The issue of diagnosing psychotic diseases, including schizophrenia and bipolar disorder, in particular, the objectification of symptom severity assessment, is still a problem requiring the attention of researchers. Two measures that can be helpful in patient diagnosis are heart rate variability calculated based on electrocardiographic signal and accelerometer mobility data. The following dataset contains data from 30 psychiatric ward patients having schizophrenia or bipolar disorder and 30 healthy persons. The duration of the measurements for individuals was usually between 1.5 and 2 hours. R-R intervals necessary for heart rate variability calculation were collected simultaneously with accelerometer data using a wearable Polar H10 device. The Positive and Negative Syndrome Scale (PANSS) test was performed for each patient participating in the experiment, and its results were attached to the dataset. Furthermore, the code for loading and preprocessing data, as well as for statistical analysis, was included on the corresponding GitHub repository.

BACKGROUND

Heart rate variability (HRV), calculated based on electrocardiographic (ECG) recordings of R-R intervals stemming from the heart's electrical activity, may be used as a biomarker of mental illnesses, including schizophrenia and bipolar disorder (BD) [Benjamin et al]. The variations of R-R interval values correspond to the heart's autonomic regulation changes [Berntson et al, Stogios et al]. Moreover, the HRV measure reflects the activity of the sympathetic and parasympathetic parts of the autonomous nervous system (ANS) [Task Force of the European Society of Cardiology the North American Society of Pacing Electrophysiology, Matusik et al]. Patients with psychotic mental disorders show a tendency for a change in the centrally regulated ANS balance in the direction of less dynamic changes in the ANS activity in response to different environmental conditions [Stogios et al]. Larger sympathetic activity relative to the parasympathetic one leads to lower HRV, while, on the other hand, higher parasympathetic activity translates to higher HRV. This loss of dynamic response may be an indicator of mental health.
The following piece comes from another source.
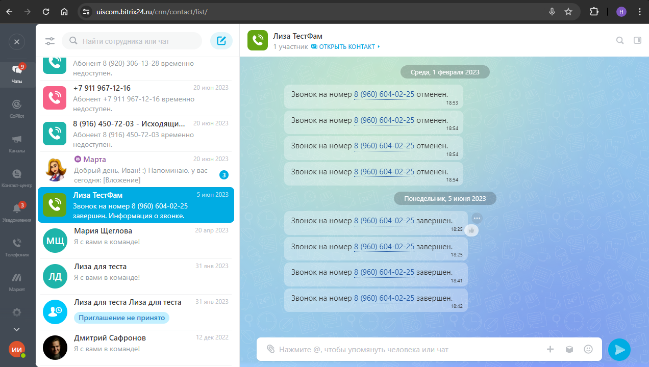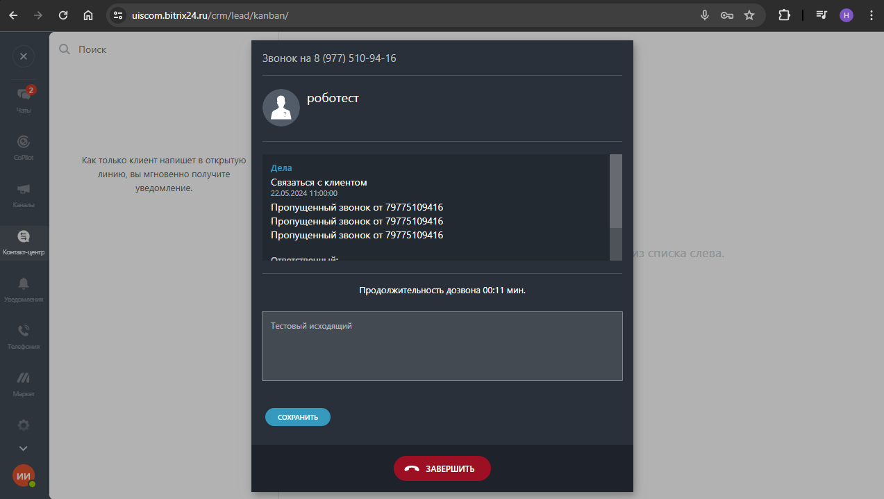 Контроль и прозрачность: записи разговоров и чаты с клиентами благодаря интеграции подгружаются в Bitrix, в результате вы контролируете все коммуникации в одном окне
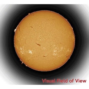 Con un'apertura di 100 mm e una lunghezza focale effettiva di 1690 mm (f/16,9), il telescopio fornisce immagini nitide e complete del Sole con una risoluzione eccellente. La lente di barlow telecentrica integrata 4,3x è ottimizzata per il passaggio della linea H-alfa e garantisce un'illuminazione uniforme dell'intero campo.

Additional benefits may come from measuring the daily activity of patients using accelerometry. This may be used to register periods of physical activity and inactivity or withdrawal for further correlation with HRV values recorded at the same time.

EXPERIMENTS

In our experiment, the participants were 30 psychiatric ward patients with schizophrenia or BD and 30 healthy people. All measurements were performed using a Polar H10 wearable device. The sensor collects ECG recordings and accelerometer data and, additionally, prepares a detection of R wave peaks. Participants of the experiment had to wear the sensor for a given time. Basically, it was between 1.5 and 2 hours, but the shortest recording was 70 minutes. During this time, evaluated persons could perform any activity a few minutes after starting the measurement. Participants were encouraged to undertake physical activity and, more specifically, to take a walk. Due to patients being in the medical ward, they received instruction to take a walk in the corridors at the beginning of the experiment. They were to repeat the walk 30 minutes and 1 hour after the first walk. The subsequent walks were to be slightly longer (about 3, 5 and 7 minutes, respectively). We did not remind or supervise the command during the experiment, both in the treatment and the control group. Seven persons from the control group did not receive this order and their measurements correspond to freely selected activities with rest periods but at least three of them performed physical activities during this time. Nevertheless, at the start of the experiment, all participants were requested to rest in a sitting position for 5 minutes. Moreover, for each patient, the disease severity was assessed using the PANSS test and its scores are attached to the dataset.

The data from sensors were collected using Polar Sensor Logger application [Happonen]. Such extracted measurements were then preprocessed and analyzed using the code prepared by the authors of the experiment. It is publicly available on the GitHub repository [Książek et al].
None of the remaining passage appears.